Nadia's boss turned his head to the side. "What do you mean?"

"I'm leaving, sir. I am... moving on."

His eyes went wide. "Now? But we are in the middle of a project, and we need your expertise. Why of all times are you leaving now?" his voice grew edgy and irritable.

"I have to. Something has come up."

"What exactly?"

"A new position elsewhere, one that I'm more comfortable with."

Nadia's boss screwed up his eyes. "I can't afford you to leave. If it's hard work that's making you quit... fine, I will decrease the load. But take me seriously now, Nadia, we can't find a replacement for you that quickly. We need you."

"You didn't talk like that to me before."

His eyes flashed. "There are many who are perfectly able to take your place! But..."

"But what? You like treating me as your inferior, that's all."

"Well as to that, what position would it be different?"

"Where I'm going to!" Nadia snapped. The next moment she thought against it though. She wasn't really sure if she was going to be treated so well with Gavrilov after all.

Her boss sighed in a frustrated manner, but didn't speak for some moments.

"Nadia, I don't want to end our relation in a negative light. If you really feel like it's the right thing, then go. But I'll always welcome you back here, and no doubt you will return," his smile was rather sly.

Nadia's boss was named Nikolai Karazov. He was a rather handsome man in his late 30s, with dark eyes and well-combed brown hair, and a ruthless attitude to getting through life. He was a bachelor as well, something that made Nadia keep especially cool contact with him. She suspected that he took up his position as manager here only because he liked to be considered a superior. Anything that would make him feel powerful, and good about himself. And this made him repulsive to her.

"Let us part on good terms then," Nadia held out her hand to Karazov for him to shake it. It was a bad idea.

"Yes, that's all very well," he suddenly grabbed her hand with both of his. "But not an ending of our acquaintance I presume?"

Nadia froze. He was all geniality, but it lasted only for a moment as he then showed disapproval at how mortified she looked back at him.

"Sir, we have only known an official acquaintance, and that I wish to remain as it is. Good-bye," taking her hand out slowly from his own, she walked past him out of the office, gritting her teeth. Karazov remained standing there with a slightly disappointed look on his face.

Nadia immediately headed home, flustered. She had suspected it all, but now that it was revealed, it disgusted her beyond anything. She finally admitted to herself the real reason she wanted to leave that place.

"I'm never going back there," she thought to herself. "A perfectly treacherous man..."

Now that Nadia had nothing to do in the day, she pondered her next plans. After some errands, she decided to take a walk in the city, as it was a beautiful morning.

Going to the park, she sat down on a bench. The sun was bright, and she closed her eyes for a moment, just to absorb its warmth. It was now May, and indeed a very beautiful spring day.

"Nadia?"

She opened her eyes up rapidly and looked around. She knew that voice anywhere.
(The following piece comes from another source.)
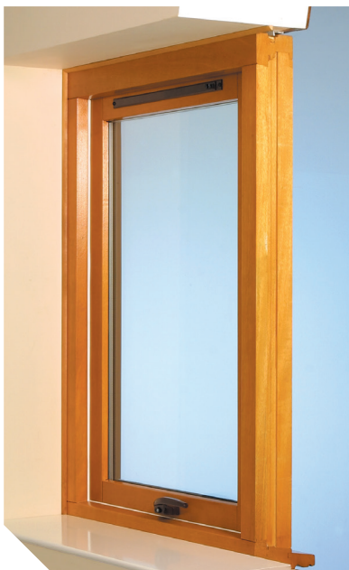
Top Hung (interior)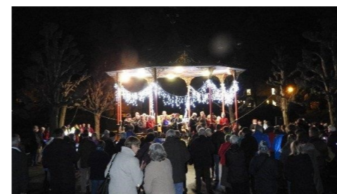
Supporting the "Friends of the Borough Gardens" Carols event in 2015

It was her older brother, Sergei, standing about 20 paces from her. Nadia immediately ran to him, and fell into his arms.

"Seryozha! I was wondering for so long when you would come!"
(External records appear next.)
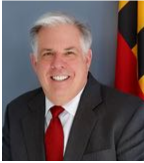
Larry Hogan Governor

Maryland State House 100 State Circle Annapolis, Maryland 21401 410-974-3901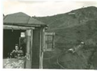
Rural farm worker sewing in her home (OGPRUS_OIPR_b3334_f07_0001)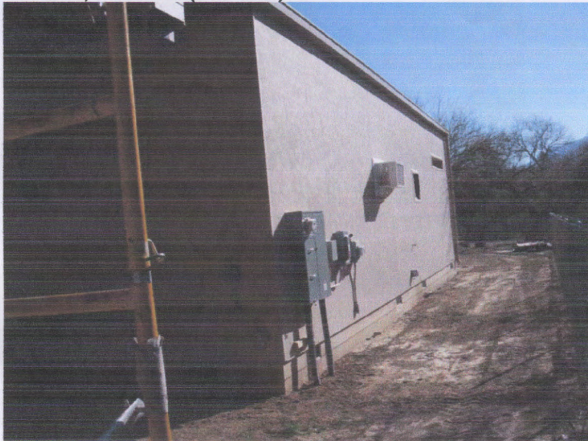
3-15-2012; West Side (Right Side View)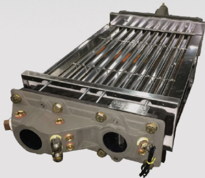
Field proven ASME heat exchanger with copper or cupronickel finned tubes and glass lined cast iron headers.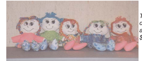
These cloth dolls are available at $5 each.

Members of JCDA made and sold cloth dolls to help fund JCDA service projects. The cloth dolls also helped those who purchased them. They were sold to employees of the Equal Employment Opportunity Commission, or EEOC, who sent the cloth dolls along with other items in care packages to U.S. Soldiers in Iraq. The soldiers were thrilled to receive the dolls! They wrote to EEOC stating how the dolls helped build trust with the Iraqi children and parents!

Sergei was a 4 years older than Nadia, very tall, and had cropped hair. He had been in military service for a time in the Artillery, although he wasn't wearing his uniform at the moment but a regular civilian's outfit.

Together they walked arm in arm through the park, catching up on the latest events in each others lives. They barely knew where to start, because it had been over 9 months.

"I just came into town this morning," Sergei began, "I have some great news to tell you. I'm going to be promoted to Major very soon."

"Oh how wonderful!" Nadia exclaimed. "I knew that would happen to you!"

"And not just that," Sergei continued, his eyes shining, "Something else happened when I was at Kemerovo... I met someone..."

"A... a lady?"

"Yes, she lives there with her family... so far away," Sergei suddenly frowned. "It was painful to part with her, we had become, as it were, quite close."

"She's from a military family?"

"Yes, her name is Katerina. She has some extended family here in Moscow, so that may be how I will get contact with her in the future."

"Did you... propose to her?"

"No I didn't. I have been conflicted over it..."

"I see..."

"Anyways... how have you been?"

"Oh just great..." suddenly Nadia faltered. "But something happened today. I quit my job."

"Did you now? Why?"

"I couldn't take it anymore. It was boring me to death, besides being outrageously tedious."

"I understand... is that how I came to find you now, isn't it?"

"Yes, I would be at work now otherwise. But now I have a new job..."

"What's that?"

Nadia hesitated. She remembered what she had said to Gavrilov, promising not to tell anyone about it. But how could her brother be an issue? He was no threat.

"I'm working for a composer. I'm his copyist."

"Fascinating! What a truly unique position!"

"Yes, and it's been exciting so far, but very hard."

"I imagine. Having to write out his scribblings into more coherent stuff, eh?"

"Not exactly... he dictates what I write."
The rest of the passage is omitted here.